One of the issues highlighted over and over again in relation to Covid-19 vaccines is that the transfer or licensing of IP on its own will not suffice—the transfer of manufacturing know-how is just as important. Similar to technology access pools, technology transfer hubs are examples of solidaristic organizing because they facilitate tech transfers through the sharing or non-exclusive licensing of intellectual property, but they also have a specific mandate of training and transfer of know-how, thus over time contributing to health system strength. Most notable here is Africa’s mRNA hub mentioned in the introduction, which was augurated in January 2022 with strong support by the WHO. For the African hub, a collective commitment was made to bring together local businesses (Afrigen Biologics and the Biovac Institute), global organizations (the UN and the MPP) and local policymakers. As part of the efforts around this African mRNA hub, the South African firm Afrigen used publicly available information to reverse-engineer Moderna’s Covid-19 vaccine (Davies, 2022), a practice permitted under South African law. However, since the announcement of the hub in mid-2021 neither Moderna nor any other vaccine manufacturer in control of relevant patents, technology, and know-how has agreed to share or collaborate. While Moderna has indicated that they would not legally enforce their patents for the duration of the pandemic, without the active support of mRNA manufacturers, reverse-engineering and manufacturing Covid-19 vaccine is likely to take at least three times as long as it would have taken with manufacturers’ support (Nolan, 2021).
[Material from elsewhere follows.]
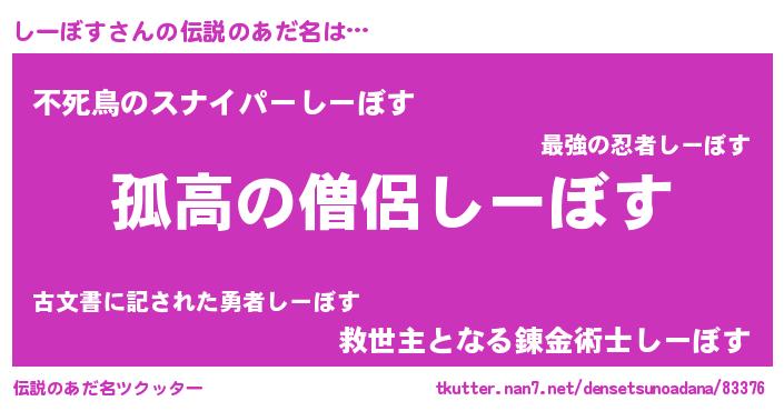 | 意味不明あだ名 | 『とにかく怪しいしーぼす』 |

In comparison to tier 1 approaches, the multilateral organizational approach at tier 2 manages many aspects of complexity, resources, and time, yet for Covid-19 this tier has also failed to make a significant impact. Vaccine manufacturers have not been moved either through appeals around the public good or through public pressure to become part of the C-TAP facility or the WHO mRNA hub. Their arguments remain the same as for tier-1: technology transfers are too much of a distraction from the profit-making parts of their businesses, and they are too costly. More concerning though, big pharma has been found to actively work against solidaristic organizations such as pools and hubs. An investigative report published in the BMJ (Davies, 2022) suggests that BioNTech has ramped up its PR machine to work against the hub by hiring a consultancy company, which reportedly told African governments that the WHO project was “doomed” while heavily promoting BioNTech turnkey’ mRNA manufacturing facility instead.
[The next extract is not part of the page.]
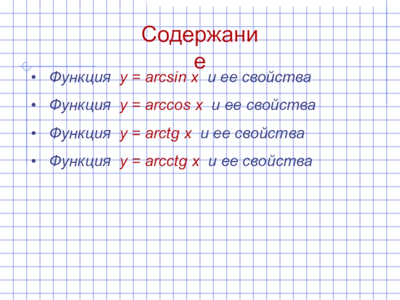 СодержаниеФункция y = arcsin x и ее свойстваФункция y = arccos x и ее свойстваФункция y = arctg x и ее свойстваФункция y = arcctg x и ее свойства
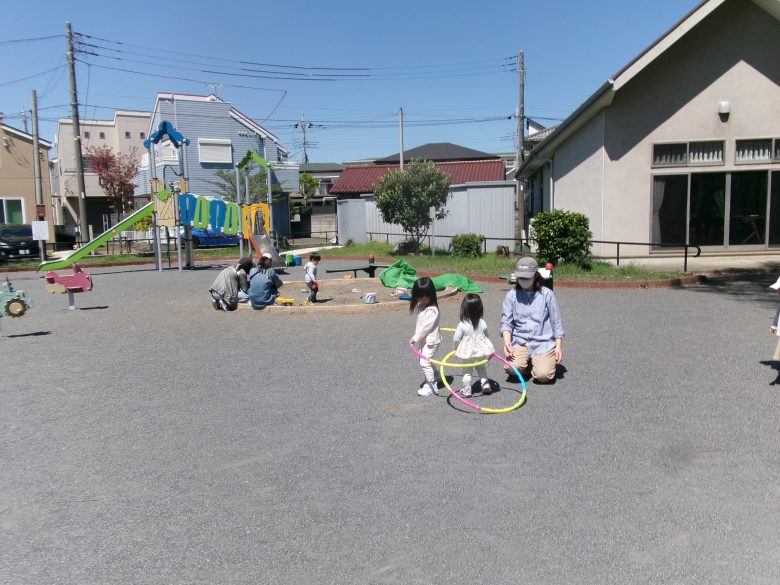 ひなたぼっこのそとあそびには、お砂場にシャボン玉、輪投げにフラフープ、電車に絵本、楽しいあそびがたくさん

Multilateral solidaristic organizing provides sensible logistical solutions to build up a sustainable pharmaceutical manufacturing infrastructure in LMICs, yet asymmetric power relationships between LMIC governments and big pharma allow the latter to dismiss or even work actively against the former. The experience with C-TAP and the WHO mRNA hub has evidenced the results of a voluntary, solidarity-driven mechanism that no multinational company deems necessary to join.
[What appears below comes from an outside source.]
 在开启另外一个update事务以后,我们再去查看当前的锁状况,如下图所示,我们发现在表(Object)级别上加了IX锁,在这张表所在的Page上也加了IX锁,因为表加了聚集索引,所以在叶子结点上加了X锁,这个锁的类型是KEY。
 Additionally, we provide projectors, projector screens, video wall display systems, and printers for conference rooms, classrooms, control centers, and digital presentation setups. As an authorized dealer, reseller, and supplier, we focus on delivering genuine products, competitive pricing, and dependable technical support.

Tier 3: The (national) institutional level of solidarity
The institutional or legal level of solidarity, as suggested by Prainsack and Buyx (2012), is where the “voluntariness” of solidarity slides into a mandatory commitment on the basis of institutional or societal agreement. With regard to technology transfers, two mechanisms could be located at this level: compulsory licensing through so-called TRIPS flexibilities, which would involve individual governments temporarily removing patent exclusivities from vaccine manufacturers to enable generic production in their countries, and the introduction of conditionalities by governments in high-income countries (HICs) in return for public funding and support for national pharmaceutical manufacturers.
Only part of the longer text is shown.